In the above picture you can see the keyboard drawer.   This uses a sheet of plywood for the bottom of the drawer, and a piece of MDF from the front of the cabinet for the front of the drawer.   It uses standard drawer slides (purchased from Home Depot), which are screwed into the edges of the drawer bottom, and the outside walls of the cabinet.   The keyboard and mouse give access to computer when you need to configure MAME, Hyperspin, or Windows etc.

Rebuilding the trackball

My trackball was getting to feeling pretty rough after 14 years of use.   I had never taken it apart to clean it, and if it sat for a while it would feel really rough.   After some use it would usually get better so I really didn’t make it a priority.    I had a wild hair and decided to see if I could find the parts on HAPP or eBay.   Gameroomguys were selling some carriage bolts I needed for my coindoor, and so I checked to see if they also had the rebuild parts.  Sure enough, they listed the idler arms and the bearings.   You can also buy a kit.  I ordered them both.

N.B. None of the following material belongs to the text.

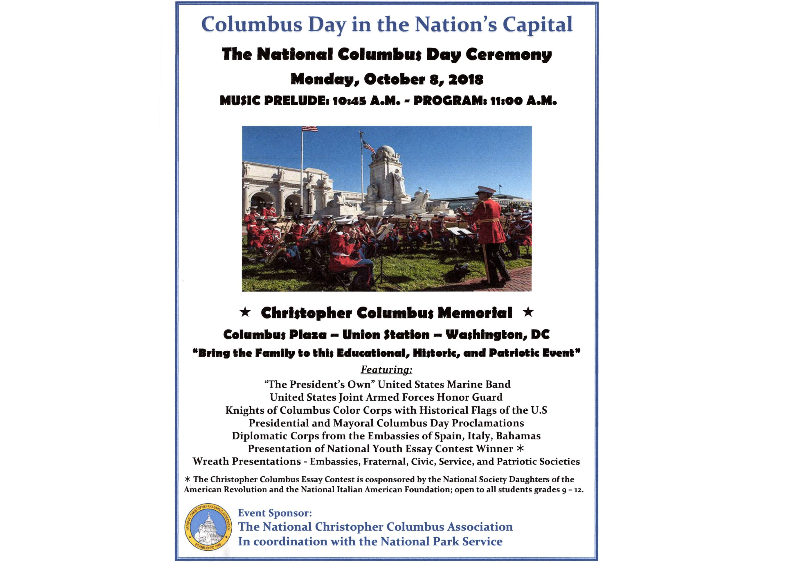 The 2018 National Columbus Day Ceremony will be held on Monday, October 8, 2018, at the Christopher Columbus Memorial Plaza across from the Union Station. The festivities will begin at 10:45 am with music from “The President’s Own” United States Marine Band.
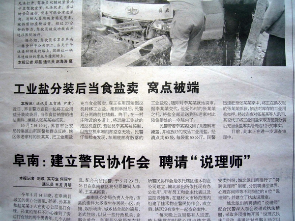 10月7日19時,界首市公安局磚集派出所民警接群眾反映,轄區(qū)張老家村的張某某,把工業(yè)用鹽充當(dāng)食鹽販賣,現(xiàn)正在用四輪拖拉機轉(zhuǎn)移工業(yè)鹽。接到舉報后,民警兵分兩路前往堵截。終于,在一村莊附近的鄉(xiāng)道上,將運輸工業(yè)鹽的拖拉機查獲,駕駛員李某某被控制,但拖拉機車廂內(nèi)卻空空無物。民警仔細檢查發(fā)現(xiàn),車廂底部有散落的工業(yè)鹽粒,隨即對李某某就地突審。據(jù)李某某交代,他受鄰村的張某某之托,將鹽全部運送到張老家村比較偏僻處的一空院內(nèi)了。

I took the trackball apart and the idler arms/shafts were really dirty and also really worn.   The shafts are the silver colored rods (3 of them).  You can see how dirty and worn they are where the ball rolls against them.


I wiped them down a bit to remove the dirt, just so I could see how much was really wear.   This is what they looked like once they were cleaned.


New idlers/shafts and bearings.


The ball itself was still is pretty good shape, so I didn’t replace that – although you can buy replacements for them.


With the new bearings and idlers/shafts the trackball feels brand new!